Почему-то даже Колян примолк при его появлении.

– ...дочиста всё, – расслышал Домашов, но и головы не повернул в сторону говорившего, молча взобрался в кузовок самоходного шасси, отвозившего их в поле.

Разговоры обтекали его, и он был рад этому. Привалившись к низкому борту, делал вид, что придрёмывает, и на кочках голова его болталась очень натурально.

Сеяльщиком у него был нелюдим и молчун Петя Садиков – удачно. Этот всю смену будет стоять на мостике и даже при задержке погрузчика к трактору не подойдёт. Домашов сам подходил где-нибудь после полуночи и звал в кабину перекусить.

Кивнув Лёхе-пэтэушнику, доложившему, что масло в левую бортовую он залил, солярку и семена заправил, Домашов запустил двигатель и с места повёл трактор на разворот, стараясь сразу поймать под правую гусеницу отчётливую маркёрную линию. Однако на маркёр не вышел, доруливать пришлось на поле, а этого с ним уже давно не случалось. Словно свело лопатки, и рычагами он двигал под стать сопливому сменщику.
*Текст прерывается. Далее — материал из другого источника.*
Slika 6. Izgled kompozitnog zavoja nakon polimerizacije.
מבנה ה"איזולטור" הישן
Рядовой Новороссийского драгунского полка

Только к ночи приладился к челночному движению по полю, перестал слышать грохот двигателя и лязганье железных частей, не чаще и не реже посматривал через пыльное стекло назад, чтобы вовремя включить или выключить гидравлику сцепки. Но и втянувшись в работу, не перестал чувствовать Домашов какой-то малярийный озноб. Разве от того, что не пододел фуфайку? Но в кабине было тепло, сиди хоть в «холодном» пиджачке. Он о чём-то непрерывно думал – так, что ломило переносицу.

Погрузчик запаздывал, но Домашова бестолковые простои не трогали. Семена в конце концов подвозили, сеяльщик управлялся с брезентовым рукавом, разравнивал зерно локтем, захлопывал крышки сеялок, и он сразу же трогал на загонку.
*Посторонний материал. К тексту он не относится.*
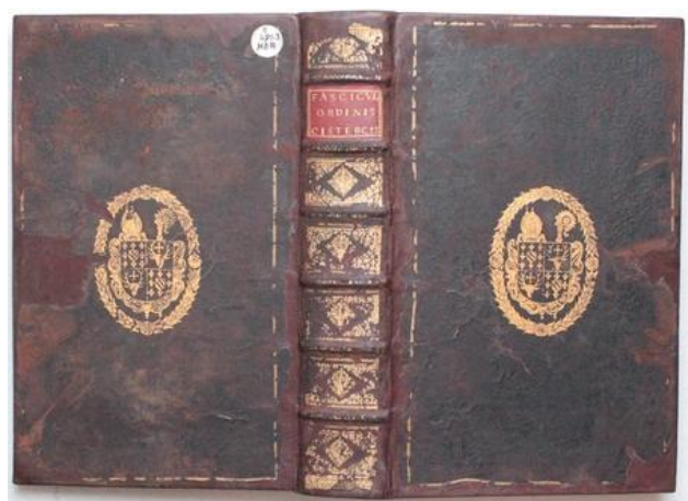
Avant et après restauration

Notre Frère archiviste dépose aux Archives départementales de la Savoie, trois autres manuscrits restaurés à numériser par les services départementaux : Ms 14 : Liber celebrii monasterii van Nonnenbosch du 16ème siècle, Ms 30 Ordinarium Cisterciense du 14ème siècle sur papier, Ms 48, Hymnaire cistercien de 1635 sur papier, restauré par les soins de Claire Angelhorn.

На перекус Петя Садиков подошёл сам. Домашов впустил его в кабину, включил внутренний плафон, а сам выбрался покурить наружу.

– Я нынче без кусков, – прокричал.

Петя тут же достал из сумки варёные яйца и два протянул ему.

– И сала на бригаду хватит!

– Ничего, заправляйся!

Домашов отошёл подальше от трактора. Смотрел, как выползает из дальней лощины жёлтое пятно света от погрузчика, переезжавшего к Коляну. Ночь была безветренной, влажной – мёртвой какой-то.

Петя управился быстро, подозвал и предложил своего ядовитого чаю. От чая Домашов не отказался.

– Вот так, Иван Петрович. Только дикий зверь вины не знает, – проговорил Петя, устраивая свой сидорок в углу кабины. – Привилегия человека!

Он ушёл к сеялкам, вскочил на подножку крайней и уже дал знак, а Домашов всё смотрел на него в заднее окошко кабины и внутренний плафон выключил, уже тронув агрегат с места.

«Привилегия», – повторял, не понимая.

Он вспомнил Петра Садикова шебутным безотказным шоферюгой, готовым ночевать в кабине зализанного «газона». С ним он свою первую дочь и жену привозил из роддома. В метель, пробивая переносы, полдня добирались, но и мысли не было, что застрянут посреди степи и помёрзнут к чёртовой матери.

Но как-то летом, после дождей, подносившийся «газон» не выбрался из лощины даже по травке, начал сползать, ускоряясь, и повалился на бок. Одну доярку придавило, трое остались калеками, Петю, переломавшего рёбра, таскали в прокуратуру, а за то, что грузовик не был оборудован для перевозки людей, в конце концов досталось всем. Машину из бригады тогда же забрали, Петя сделался пастухом, и даже личной машины у него никогда больше не было.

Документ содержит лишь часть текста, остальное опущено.